Isolation of DNA from OB

The Puregene DNA extraction kit (Gentra, Systems Inc., and isolation methodology with modifications (McIntosh et al. unpublished) were used to isolate DNA from OB as follows. Occlusion derived virus was recovered from approximately 107 OB by alkali treatment as previously described (McIntosh and Ignoffo 1988). The sample was then incubated in a water bath at 60° C for 15 min and cooled to room temperature. Next, proteinase K was added to give a final concentration of 200 μg/ml and incubated for 2 h in a 37° C water bath followed by cooling at room temperature. Protein precipitation solution (1.7 ml) was added and vortexed at high speed for 20 sec, and spun at 10,00 × g for 3 min in a BHG Hermle Z230M table-top centrifuge. The supernatant was poured into a clean 15 ml glass tube containing 2 ml isopropanol and inverted 50X and centrifugated at 10,000 × g for 1 min. The supernatant was then poured off and 2 ml of 70% ethanol was added to wash the DNA pellet. The ethanol was poured off after centrifugation at 10,000 × g for 3 min and allowed to air dry for 15 min. About 175 μl of DNA hydration solution was added to the sample and allowed to stand overnight at room temperature. DNA was quantified using a Gene Quant II (Amersham Pharmacia Biotech, Piscataway, NJ).
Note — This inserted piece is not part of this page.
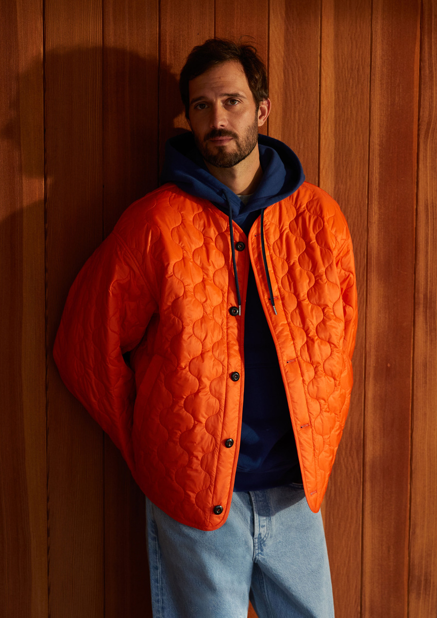 Menswear highlights include a rugby shirt, available in both a striped red and orange, and green and yellow, a quilted jacket and matching gilet vest in lilac, and a mustard long-sleeved T-shirt with Planet Good Earth pocket and rear graphic. Extra attention has also been paid to fabrications – a windbreaker is available in blue and green and is designed in Limonta fabric, a highly regarded, premium technical fabric made in Italy. Accessories include a multicoloured five-panel cap, lilac and green beanie and two colour-block ribbed rugby socks.
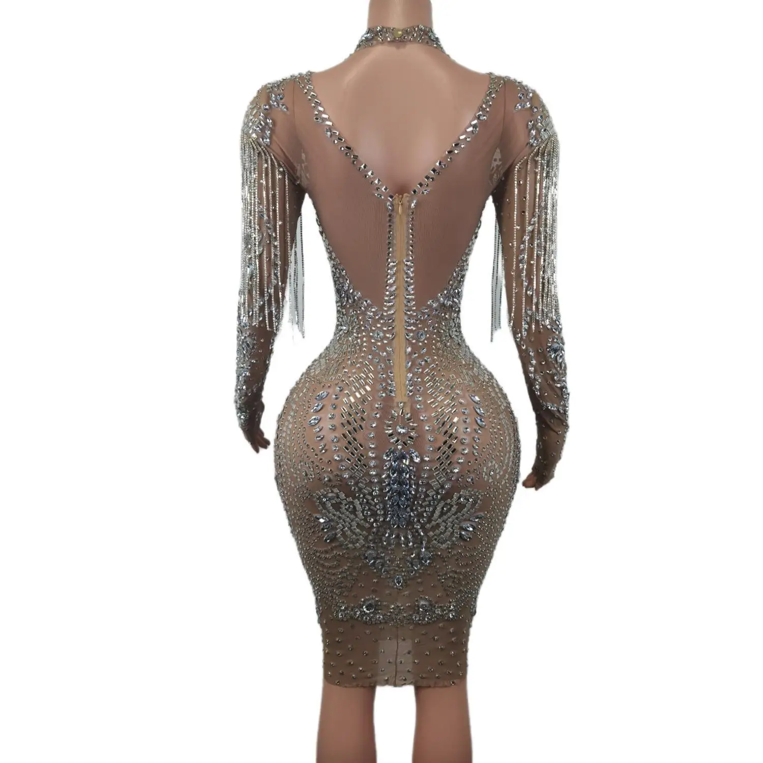 Robe sexy transparente à strass pour femmes, robe de cocktail d'anniversaire, robe de soirée, mini robe de bal courte noire pour filles

Verification of the recombinant RFP by determination of the polyhedrin-RFP fusion gene junctions

It was necessary after the cloning and isolation of the recombinant baculovirus (AcRFPCL14) to verify its identity by actual DNA sequence, as was expected to be generated by the above designed oligonucleotide primers, at the upstream-junction between the 3′-end of the polyhedrin gene and 5′-end of the RFP gene as well as the downstream-junction between the 3′-end of the RFP gene and the immediate down-stream flanking region of the polyhedrin gene.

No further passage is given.